> Exercise requirements: Count how many lines in the data hold "extra". Only the number.

> Data supplied:
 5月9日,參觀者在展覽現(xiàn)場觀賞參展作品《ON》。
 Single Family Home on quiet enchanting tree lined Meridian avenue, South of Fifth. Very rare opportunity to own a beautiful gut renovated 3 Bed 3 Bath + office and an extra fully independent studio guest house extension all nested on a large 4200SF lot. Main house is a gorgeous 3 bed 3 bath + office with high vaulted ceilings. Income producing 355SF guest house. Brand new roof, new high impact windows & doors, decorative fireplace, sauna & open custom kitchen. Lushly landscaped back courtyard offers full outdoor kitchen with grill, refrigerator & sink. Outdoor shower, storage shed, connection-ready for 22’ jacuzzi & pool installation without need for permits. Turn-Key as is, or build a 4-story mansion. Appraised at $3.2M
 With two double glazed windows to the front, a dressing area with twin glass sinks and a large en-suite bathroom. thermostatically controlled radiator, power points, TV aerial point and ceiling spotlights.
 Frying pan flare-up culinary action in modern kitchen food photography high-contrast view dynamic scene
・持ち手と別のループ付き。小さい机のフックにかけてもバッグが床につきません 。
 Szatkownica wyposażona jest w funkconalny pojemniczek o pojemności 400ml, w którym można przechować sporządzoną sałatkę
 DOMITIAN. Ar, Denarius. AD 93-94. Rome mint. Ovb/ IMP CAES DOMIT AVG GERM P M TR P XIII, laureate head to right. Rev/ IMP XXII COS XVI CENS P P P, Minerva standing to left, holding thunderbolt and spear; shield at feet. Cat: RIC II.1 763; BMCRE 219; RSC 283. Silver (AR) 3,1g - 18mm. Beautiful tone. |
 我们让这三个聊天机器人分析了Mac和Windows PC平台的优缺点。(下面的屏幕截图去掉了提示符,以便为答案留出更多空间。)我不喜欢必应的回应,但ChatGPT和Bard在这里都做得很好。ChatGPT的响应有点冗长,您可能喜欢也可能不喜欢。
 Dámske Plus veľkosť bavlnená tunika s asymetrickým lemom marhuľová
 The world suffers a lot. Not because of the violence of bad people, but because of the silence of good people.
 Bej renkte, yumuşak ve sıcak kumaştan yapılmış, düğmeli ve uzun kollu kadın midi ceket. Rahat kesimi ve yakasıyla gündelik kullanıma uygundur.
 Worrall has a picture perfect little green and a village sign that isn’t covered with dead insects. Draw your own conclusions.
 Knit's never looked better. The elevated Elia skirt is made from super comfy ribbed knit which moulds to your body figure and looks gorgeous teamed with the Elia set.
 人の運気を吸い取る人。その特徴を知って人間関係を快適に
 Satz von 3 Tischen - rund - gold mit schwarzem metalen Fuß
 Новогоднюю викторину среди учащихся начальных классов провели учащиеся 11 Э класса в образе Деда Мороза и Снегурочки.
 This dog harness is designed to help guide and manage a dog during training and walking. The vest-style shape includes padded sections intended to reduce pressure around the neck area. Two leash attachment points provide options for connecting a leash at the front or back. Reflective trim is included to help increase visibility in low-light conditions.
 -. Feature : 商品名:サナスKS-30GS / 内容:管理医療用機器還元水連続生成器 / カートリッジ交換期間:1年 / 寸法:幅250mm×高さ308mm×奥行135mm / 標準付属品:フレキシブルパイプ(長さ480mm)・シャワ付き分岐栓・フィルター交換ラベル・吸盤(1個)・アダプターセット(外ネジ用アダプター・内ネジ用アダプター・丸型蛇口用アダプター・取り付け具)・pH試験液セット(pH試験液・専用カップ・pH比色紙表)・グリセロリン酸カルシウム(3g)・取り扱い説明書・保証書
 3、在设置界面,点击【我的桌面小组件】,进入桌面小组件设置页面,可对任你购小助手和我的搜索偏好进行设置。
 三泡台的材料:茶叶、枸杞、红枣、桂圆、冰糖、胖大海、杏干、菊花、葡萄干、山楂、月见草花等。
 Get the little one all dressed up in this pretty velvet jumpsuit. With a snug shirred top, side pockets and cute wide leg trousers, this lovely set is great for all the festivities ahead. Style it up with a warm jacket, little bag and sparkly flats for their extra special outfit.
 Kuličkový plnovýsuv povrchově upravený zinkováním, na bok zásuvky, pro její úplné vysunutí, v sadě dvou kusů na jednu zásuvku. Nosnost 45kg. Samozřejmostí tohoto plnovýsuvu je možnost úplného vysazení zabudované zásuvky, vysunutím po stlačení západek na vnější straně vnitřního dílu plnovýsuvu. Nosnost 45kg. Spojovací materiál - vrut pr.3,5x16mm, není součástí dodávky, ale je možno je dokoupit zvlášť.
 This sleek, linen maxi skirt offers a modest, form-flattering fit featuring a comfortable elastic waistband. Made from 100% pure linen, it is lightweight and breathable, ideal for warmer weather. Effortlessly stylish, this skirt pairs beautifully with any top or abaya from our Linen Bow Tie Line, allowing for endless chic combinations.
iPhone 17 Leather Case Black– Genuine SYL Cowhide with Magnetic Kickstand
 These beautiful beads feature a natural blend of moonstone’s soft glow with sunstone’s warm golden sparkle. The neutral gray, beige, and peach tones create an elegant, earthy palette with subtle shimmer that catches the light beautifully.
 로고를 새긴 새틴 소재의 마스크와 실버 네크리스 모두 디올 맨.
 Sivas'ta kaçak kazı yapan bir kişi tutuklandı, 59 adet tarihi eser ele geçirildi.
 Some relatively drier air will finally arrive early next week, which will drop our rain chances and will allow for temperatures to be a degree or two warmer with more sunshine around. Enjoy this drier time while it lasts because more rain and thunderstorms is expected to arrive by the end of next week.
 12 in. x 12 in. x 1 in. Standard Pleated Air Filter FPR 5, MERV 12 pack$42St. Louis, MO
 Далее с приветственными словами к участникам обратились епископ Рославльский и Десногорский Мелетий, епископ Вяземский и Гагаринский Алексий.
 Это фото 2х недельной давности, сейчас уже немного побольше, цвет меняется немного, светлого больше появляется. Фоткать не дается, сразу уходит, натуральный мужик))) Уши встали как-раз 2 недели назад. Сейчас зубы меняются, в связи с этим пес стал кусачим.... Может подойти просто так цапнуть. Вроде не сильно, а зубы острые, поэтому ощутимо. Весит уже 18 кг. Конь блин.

> Result: 2